When I first read his 1989 manifesto in Harper’s, “Stalking the Billion-Footed Beast,” I knew the coming shift in literature was more than cosmetic. Allow me to borrow a passage from that essay on how the call to relevant storytelling so lit up my life with hope and gravitas:

By the early 1960s, the notion of the death of the realistic novel had caught on among young American writers with the force of revelation. This was an extraordinary turnabout. It had been only yesterday, in the 1930s, that the big realistic novel, with its broad social sweep, had put American literature up on the world stage for the first time. In 1930 Sinclair Lewis, a realistic novelist who used reporting techniques as thorough as Zola’s, became the first American writer to win the Nobel Prize. In his acceptance speech, he called on his fellow writers to give America “a literature worthy of her vastness,” and, indeed, four of the next five Americans to win the Nobel Prize in literature—Pearl Buck, William Faulkner, Ernest Hemingway, and John Steinbeck—were realistic novelists.

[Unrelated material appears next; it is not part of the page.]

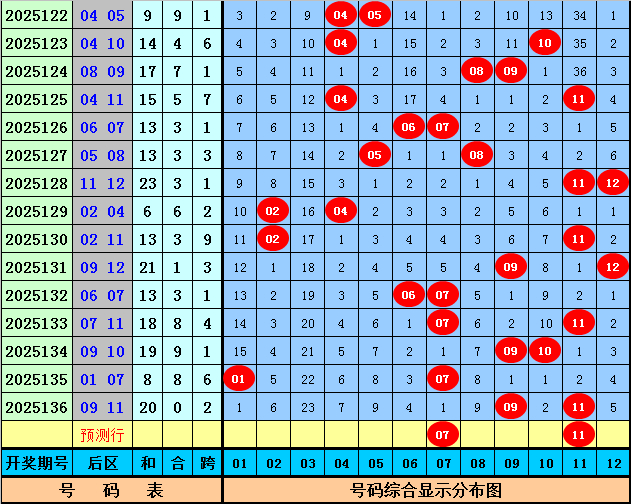 大乐透第2025136期奖号为:07、11、15、16、23+09、11。其中前区三区比为2:3:0,大小比为1:4,包含1个重号,包含连号,后区为全奇号码。

Wolfe reminded us of our American legacy and tradition in creating words that matter. To combine that public statement of reborn intent with a social novel as demonstrative as The Bonfire of the Vanities would have itself constituted a life achievement, but he was just getting started. Ironically, this was years after he wrote The Electric Kool-Aid Acid Test and The Right Stuff in his relative youth. Whether the narrative was reported, invented, or a combination of both, his voice exploded from every page he published and lifted us to reconsider the controlling norms crowding every corner of our lives.

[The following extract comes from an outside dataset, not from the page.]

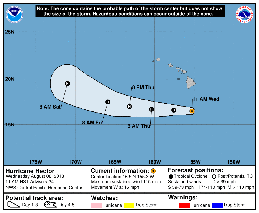 At 1100 AM HST (2100 UTC), the center of Hurricane Hector was

He was already in the club when he dusted off the house rules. To be fair, it was less of an edit about purpose than it was a bold restatement of the rules of engagement. These were the kind of “new rules” that deeply appealed to young writers like me who weren’t sure if it was still okay to address the injustice of our surroundings with purely accessible plots and characters.

Could an author be both mainstream and thoughtful, both entertaining and aspirational? Wolfe told us yes, showed us how, and begged us to beat him at the game. Eleven years after Bonfire he proved he could tackle the social novel in different geography with A Man in Full, bringing realism and nuance to an equally vibrant cast of characters in the financial machinations of Atlanta. Again he beckoned all comers to rise to a more demanding creative standard. We couldn’t beat him, but we sure could take out pen and pad and play along as if the contest were open for anyone brave enough to enter.

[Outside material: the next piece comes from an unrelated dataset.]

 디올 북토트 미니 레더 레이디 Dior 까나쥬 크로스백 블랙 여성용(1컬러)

What did I learn most from this erudite iconoclast?

Current events become history. Tell even the simplest stories with flair. What you chronicle for the present becomes a time capsule that can be unwrapped in ten years or a hundred. Reporting on contemporary events is a noble calling, but framing them within multiple prisms of context transforms ordinary happenings into perpetual discussions of culture and significance.

Story and storyteller are inseparable. Voice is alive whether you are writing fiction or non-fiction. To pretend otherwise, that there is somehow an ideal objectivist viewpoint, is to deny the reality of the music in your head and the muse speaking through you. Acknowledge it, confess it, embrace it.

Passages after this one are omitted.